[Collected data]
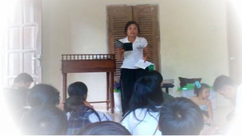
A sister leading in singspiration at the camp.

We thank the Lord that many at Batu Aji have grown in their commitment to God's kingdom and would like to join the church. Because of this, catechism classes have been arranged to prepare them for transfer of membership and reaffirmation of faith at the Church anniversary in October 2010. Some infants will also be baptized at this service.
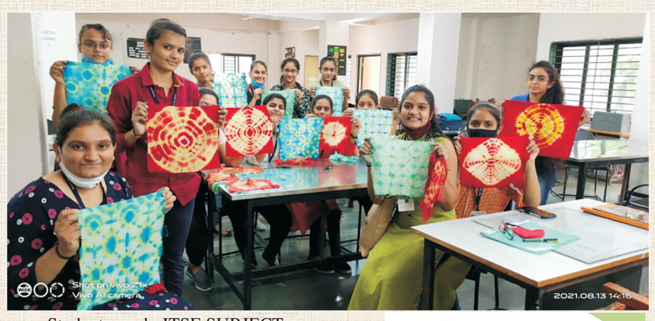
Students work: ITSE SUBJECT
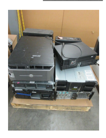
LOT 109 _____
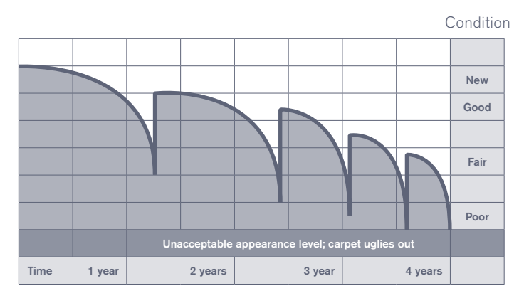
Diagram 3 Carpet appearance level utilising an unplanned maintenance program.
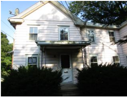
468 Landing Street, Lumberton, NJ 08048

Bedrooms: 2 Bathrooms: 1.1 Square Feet: 1,312 Year Built: 1890 FHA Case #: 351-496156 List Date: 9-29-17 Bid Deadline: Daily List Price: $77,280 Status: Price Reduction
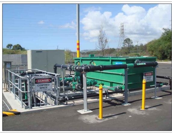
Tallawarra PS, Aust – 60 m3/h Oil Separator
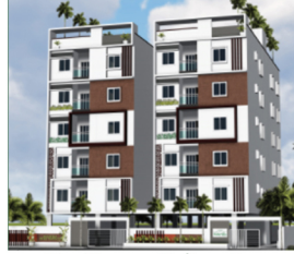
Go Green Arihant Kalayika, Bolarum
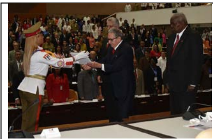
During the Second Extraordinary Session of the National Assembly's Ninth Legislature, Army General Raúl Castro Ruz, Party first secretary, formally accepted the new Constitution of the Republic, which now governs the country's legal system.

The measures adopted included the establishment of a minimum monthly wage of 400 CUP in the budgeted sector, with other increases providing an average monthly wage of 1,067 CUP.
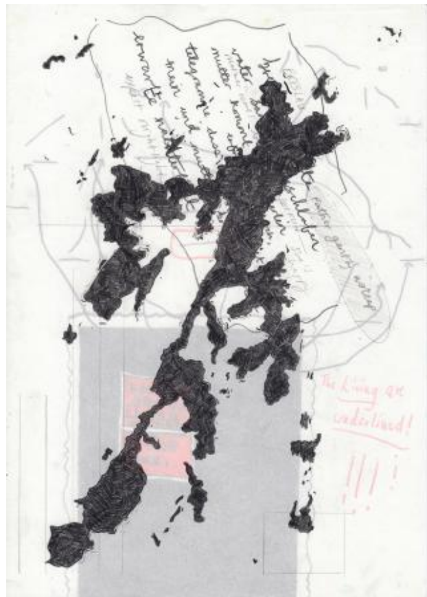
Father Gently Asleep (from the series Little Odes), 2023 Pencil on transparent paper, 210 x 297mm

» YOUR TASK
Produce the entries above once more, exactly as given, with each picture left out.

» OUTPUT OF THE TASK
A sister leading in singspiration at the camp.

We thank the Lord that many at Batu Aji have grown in their commitment to God's kingdom and would like to join the church. Because of this, catechism classes have been arranged to prepare them for transfer of membership and reaffirmation of faith at the Church anniversary in October 2010. Some infants will also be baptized at this service.
Students work: ITSE SUBJECT
LOT 109 _____
Diagram 3 Carpet appearance level utilising an unplanned maintenance program.
468 Landing Street, Lumberton, NJ 08048

Bedrooms: 2 Bathrooms: 1.1 Square Feet: 1,312 Year Built: 1890 FHA Case #: 351-496156 List Date: 9-29-17 Bid Deadline: Daily List Price: $77,280 Status: Price Reduction
Tallawarra PS, Aust – 60 m3/h Oil Separator
Go Green Arihant Kalayika, Bolarum
During the Second Extraordinary Session of the National Assembly's Ninth Legislature, Army General Raúl Castro Ruz, Party first secretary, formally accepted the new Constitution of the Republic, which now governs the country's legal system.

The measures adopted included the establishment of a minimum monthly wage of 400 CUP in the budgeted sector, with other increases providing an average monthly wage of 1,067 CUP.
Father Gently Asleep (from the series Little Odes), 2023 Pencil on transparent paper, 210 x 297mm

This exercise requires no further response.